GIVEN INFORMATION:
# # #

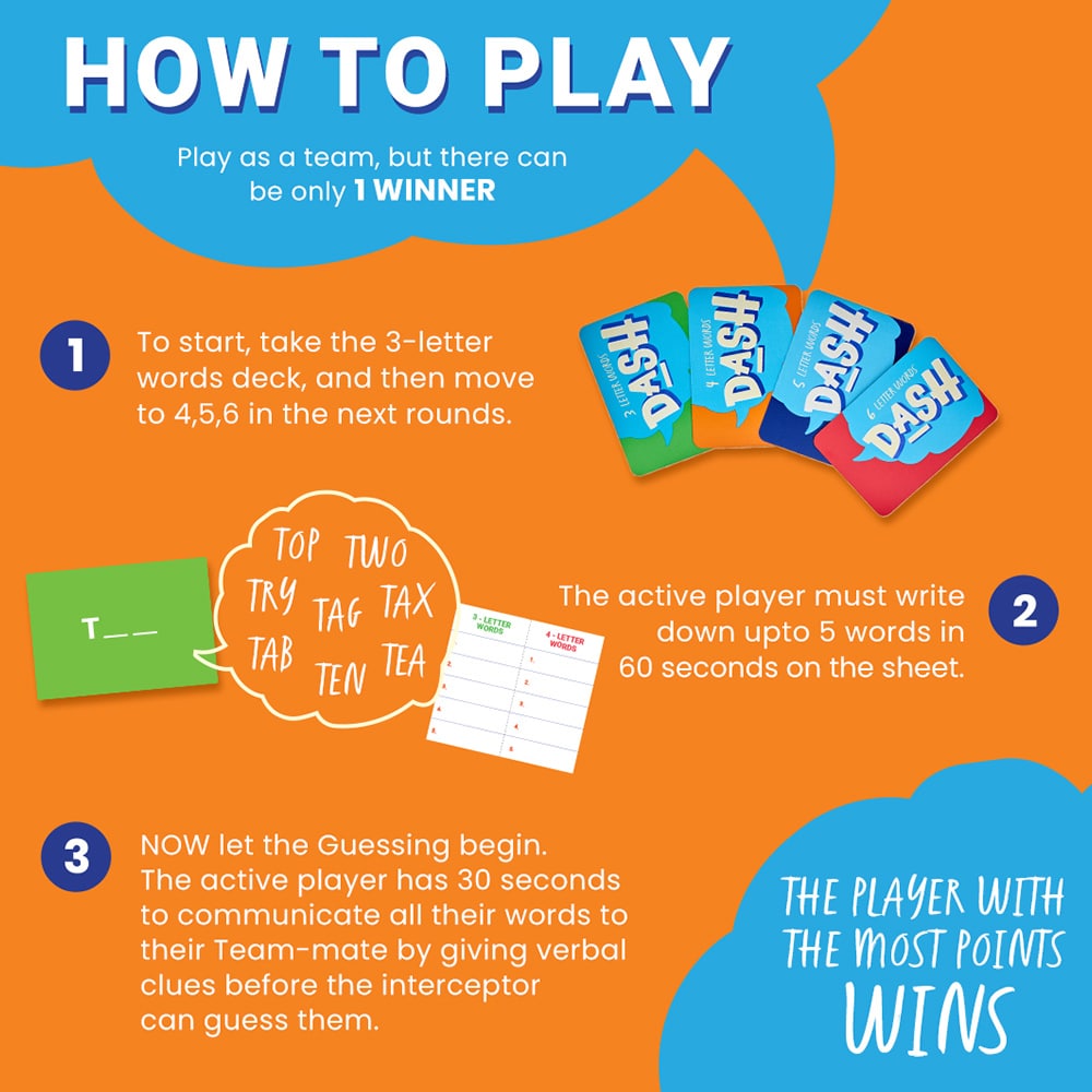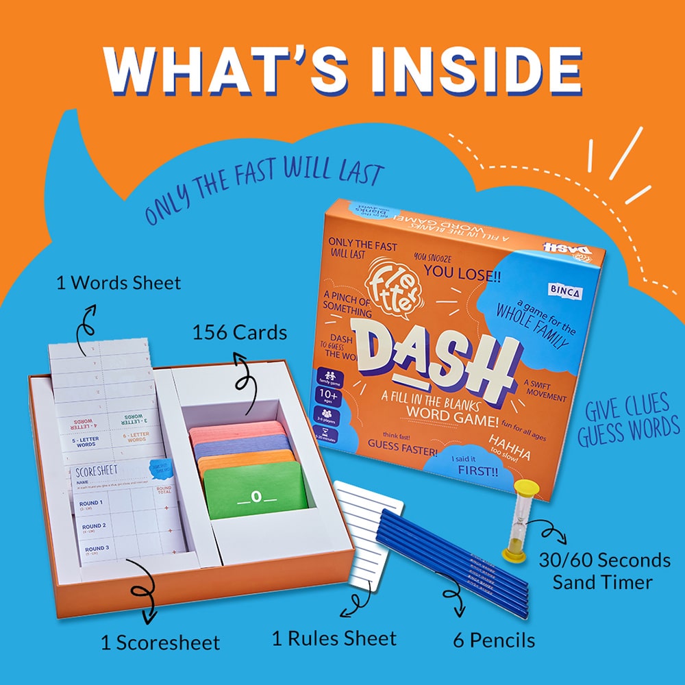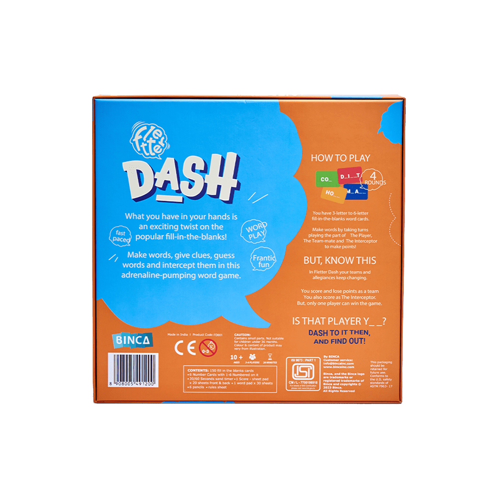 Fletter Dash is a fast-paced word game that puts your brain and reflexes to the test! In just 30 seconds, give clever clues and get your teammate to guess as many words as possible—before the Interceptor jumps in to steal your points! With quick rounds, creative thinking, and loads of laughter, this game guarantees high-energy fun every single time. Perfect for families, friends, and anyone who loves a good word challenge!
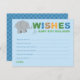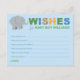 Anpassningsbar "Önskemål"-kort för en babydusch innehåller ett djungeldjurstema med en elefant. Polka punkt och rand mönster accents. Ljust himlar blå med grönt, orange, blått, brun, och grått färg - perfekt för ett pojke!
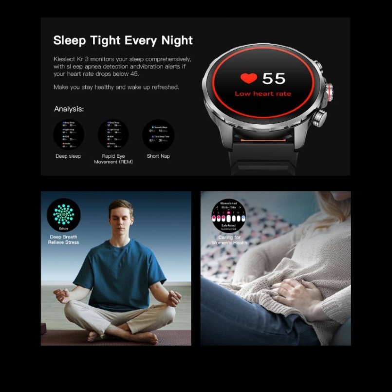 Để quản lý sức khỏe toàn diện, nhà sản xuất sử dụng module đa kênh, thuật toán tiên tiến, kết hợp cảm biến quang học để theo dõi chính xác nhịp tim, SpO2, chất lượng giấc ngủ, mức độ căng thẳng. Đồng hồ đeo tay Kieslect Kr 3 cũng phát hiện sớm các thay đổi bất thường trong cơ thể, giúp ngăn ngừa rủi ro sức khỏe kịp thời. Tính năng phát hiện ngưng thở khi ngủ, cảnh báo rung nếu nhịp tim giảm xuống dưới 45.
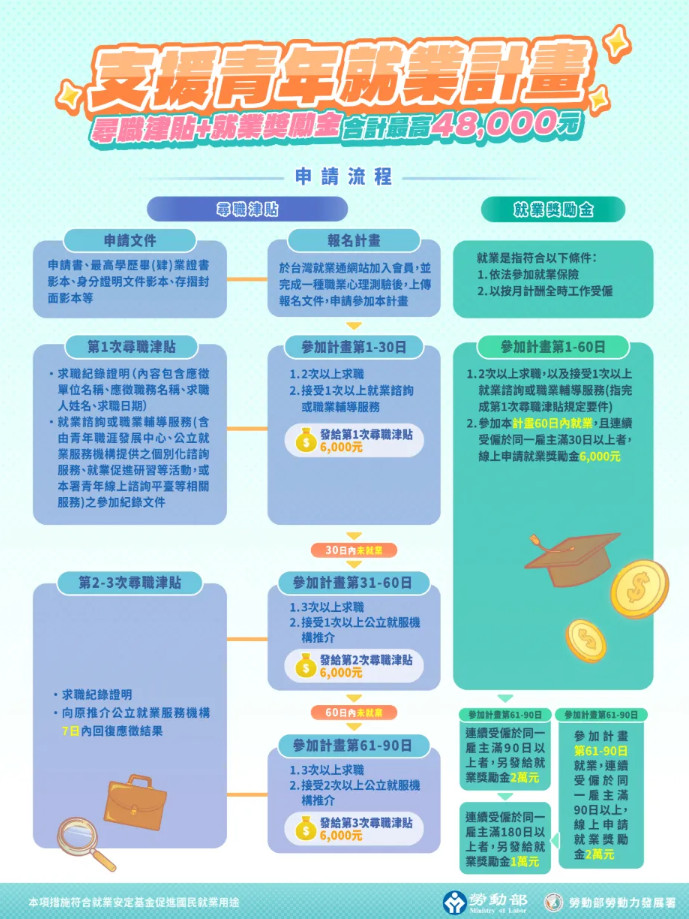 不只如此,只要在參加計畫後60天內找到工作,並穩定受僱於同一家公司,就能再申請就業獎勵金。

# # #

Would you return the material exactly, images excluded?

YOUR RESPONSE:
 Fletter Dash is a fast-paced word game that puts your brain and reflexes to the test! In just 30 seconds, give clever clues and get your teammate to guess as many words as possible—before the Interceptor jumps in to steal your points! With quick rounds, creative thinking, and loads of laughter, this game guarantees high-energy fun every single time. Perfect for families, friends, and anyone who loves a good word challenge!
 Anpassningsbar "Önskemål"-kort för en babydusch innehåller ett djungeldjurstema med en elefant. Polka punkt och rand mönster accents. Ljust himlar blå med grönt, orange, blått, brun, och grått färg - perfekt för ett pojke!
 Để quản lý sức khỏe toàn diện, nhà sản xuất sử dụng module đa kênh, thuật toán tiên tiến, kết hợp cảm biến quang học để theo dõi chính xác nhịp tim, SpO2, chất lượng giấc ngủ, mức độ căng thẳng. Đồng hồ đeo tay Kieslect Kr 3 cũng phát hiện sớm các thay đổi bất thường trong cơ thể, giúp ngăn ngừa rủi ro sức khỏe kịp thời. Tính năng phát hiện ngưng thở khi ngủ, cảnh báo rung nếu nhịp tim giảm xuống dưới 45.
 不只如此,只要在參加計畫後60天內找到工作,並穩定受僱於同一家公司,就能再申請就業獎勵金。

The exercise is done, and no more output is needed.